**Supplied records:**
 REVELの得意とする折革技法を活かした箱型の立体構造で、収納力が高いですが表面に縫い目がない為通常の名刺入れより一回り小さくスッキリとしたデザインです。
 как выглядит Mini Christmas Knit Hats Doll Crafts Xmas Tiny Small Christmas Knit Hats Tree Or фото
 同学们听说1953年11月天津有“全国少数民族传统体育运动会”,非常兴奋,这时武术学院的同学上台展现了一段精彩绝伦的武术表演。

...

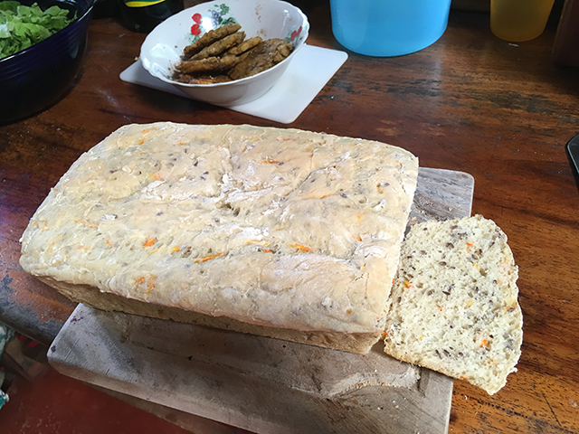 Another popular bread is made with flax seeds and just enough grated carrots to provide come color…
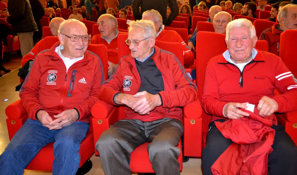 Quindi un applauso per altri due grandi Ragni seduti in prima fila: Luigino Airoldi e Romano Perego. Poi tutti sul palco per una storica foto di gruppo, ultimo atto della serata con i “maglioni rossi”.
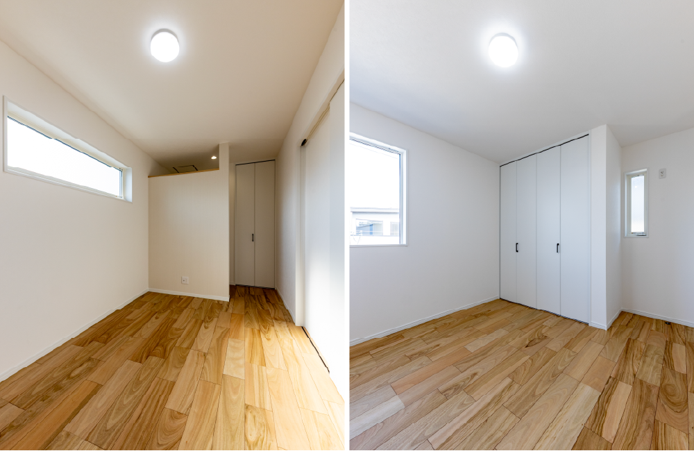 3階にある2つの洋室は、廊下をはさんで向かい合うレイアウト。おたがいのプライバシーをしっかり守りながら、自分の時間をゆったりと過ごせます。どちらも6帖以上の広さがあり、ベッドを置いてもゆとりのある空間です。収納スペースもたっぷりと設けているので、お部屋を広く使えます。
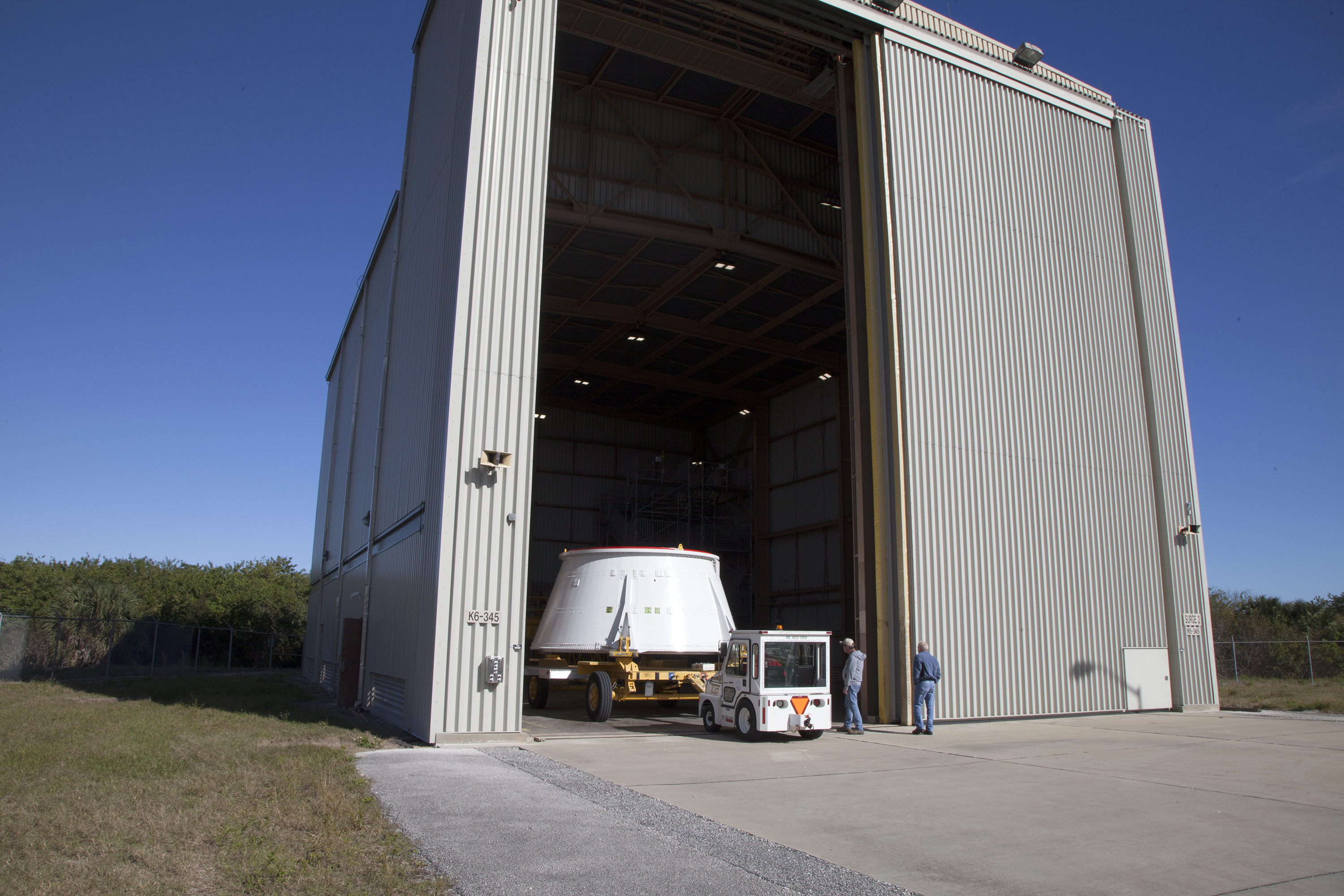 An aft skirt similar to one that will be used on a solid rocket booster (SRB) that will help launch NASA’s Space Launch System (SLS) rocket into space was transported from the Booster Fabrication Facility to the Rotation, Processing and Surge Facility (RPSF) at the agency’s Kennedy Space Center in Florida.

--

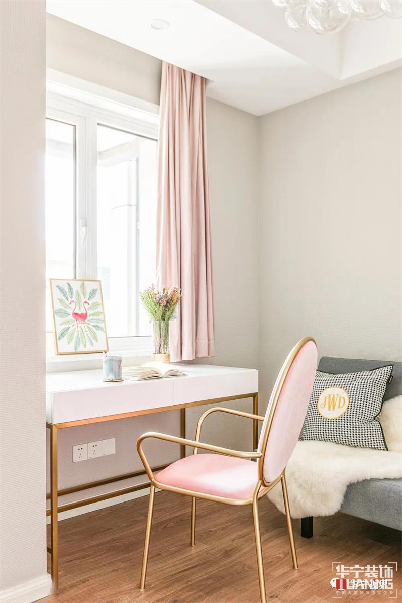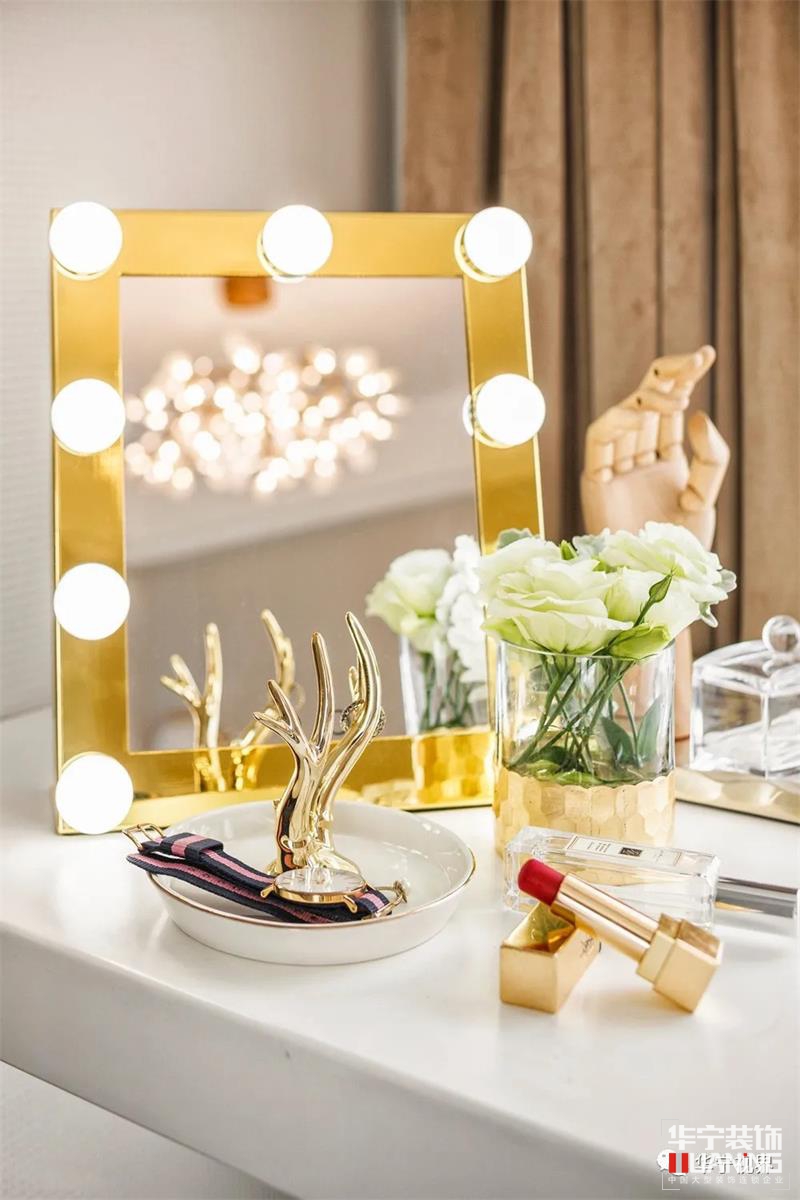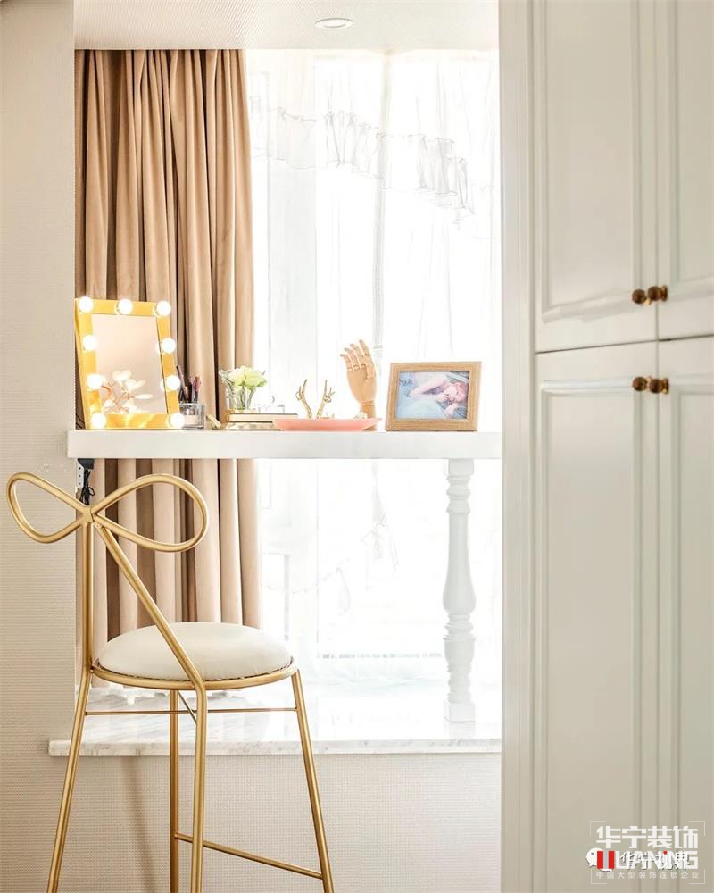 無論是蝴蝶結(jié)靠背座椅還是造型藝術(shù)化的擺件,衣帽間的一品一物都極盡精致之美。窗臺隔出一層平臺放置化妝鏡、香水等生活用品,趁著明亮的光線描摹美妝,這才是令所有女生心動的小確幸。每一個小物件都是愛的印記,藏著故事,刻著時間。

**Work instruction:**
Within the listing above, write out the stretch from the line with "3階にある2つの洋室は、廊下" through the line with "An aft skirt" exactly. Any pictures are to be left out.

**Solution to this exercise:**
 3階にある2つの洋室は、廊下をはさんで向かい合うレイアウト。おたがいのプライバシーをしっかり守りながら、自分の時間をゆったりと過ごせます。どちらも6帖以上の広さがあり、ベッドを置いてもゆとりのある空間です。収納スペースもたっぷりと設けているので、お部屋を広く使えます。
 An aft skirt similar to one that will be used on a solid rocket booster (SRB) that will help launch NASA’s Space Launch System (SLS) rocket into space was transported from the Booster Fabrication Facility to the Rotation, Processing and Surge Facility (RPSF) at the agency’s Kennedy Space Center in Florida.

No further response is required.